FOSTER CITY, Calif., Nov. 18, 2022 (GLOBE NEWSWIRE) — TrueBinding Inc. a clinical-stage biotherapeutics company focused on pioneering the development of innovative monoclonal antibodies for the treatment of some of the most challenging neurodegenerative diseases and other serious diseases, today announced top line results from its Phase 1b/2 proof-of-concept trial of TB006, an investigational monoclonal antibody against Galectin-3 for the treatment of mild to severe Alzheimer’s disease (AD) with baseline Mini Mental State Examination (MMSE) scores of 2-24). The primary endpoint (CDR-SB*, a patient and caregiver combined assessment) showed improvement that trended toward significance (p=0.08), a startling finding given the one-month treatment duration. Key secondary endpoints also showed improvements that reached or trended toward statistically significant results.
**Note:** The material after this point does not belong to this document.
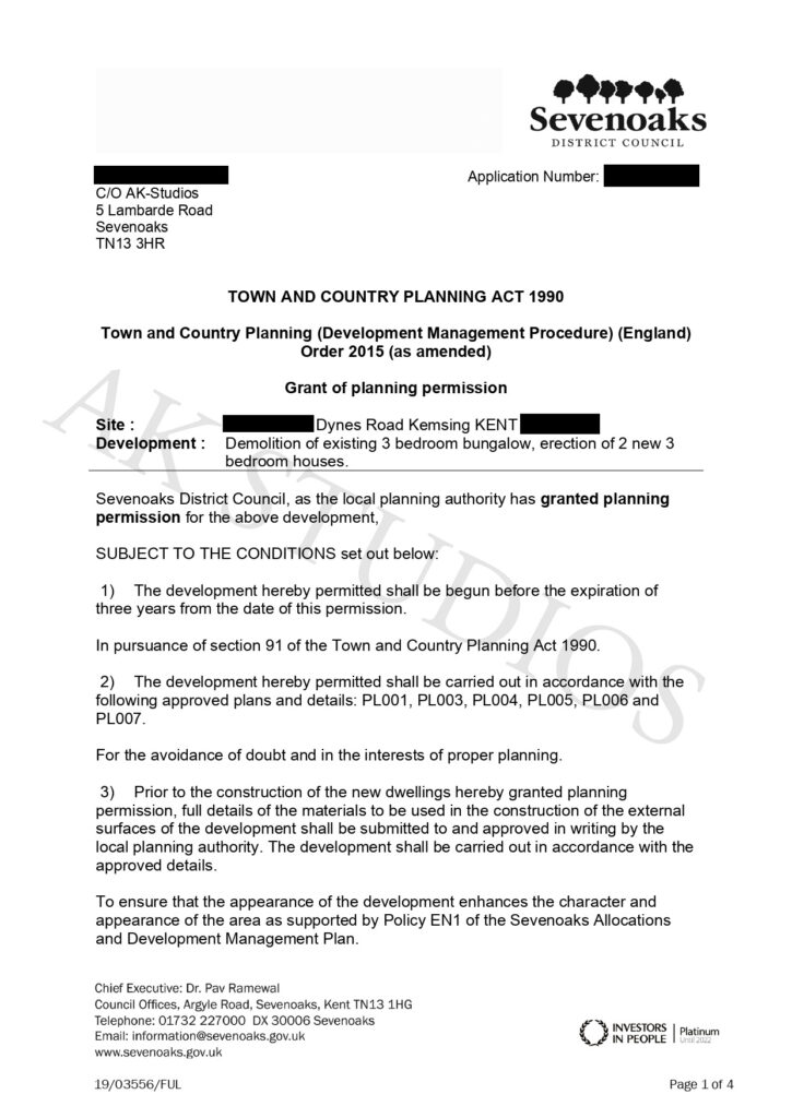 Sevenoaks Dynes Road Demolition of existing 3 bedroom bungalow, erection of 2 new 3 bedroom houses …

Following a short regimen of five doses given weekly using a placebo control, TB006 showed a reduction on the primary endpoint of a change from baseline through day 104 on the global cognitive and functional scale, CDR-SB, compared to placebo (through 75 days after the last dose). The data showed a treatment difference of 63 percent versus placebo, which represents a score change of -0.44 points (p=0.08); indicating a trend toward improvement in clinical function of patients in the analysis of the Intent-to-treat (ITT) population. At two and five weeks after initiation of treatment, TB006 and placebo reached -0.12 and 0.11, and -0.11 and 0.25, respectively, change from baseline score, indicating improvement in the TB006 group on the CDR-SB. Additionally, TB006 treatment demonstrated improvement on the secondary endpoint, the MMSE** with statistical significance (p=0.02) at Day 36. TB006 also significantly reduced Aβ 42 plasma levels, further evidence of an impact on the underlying disease.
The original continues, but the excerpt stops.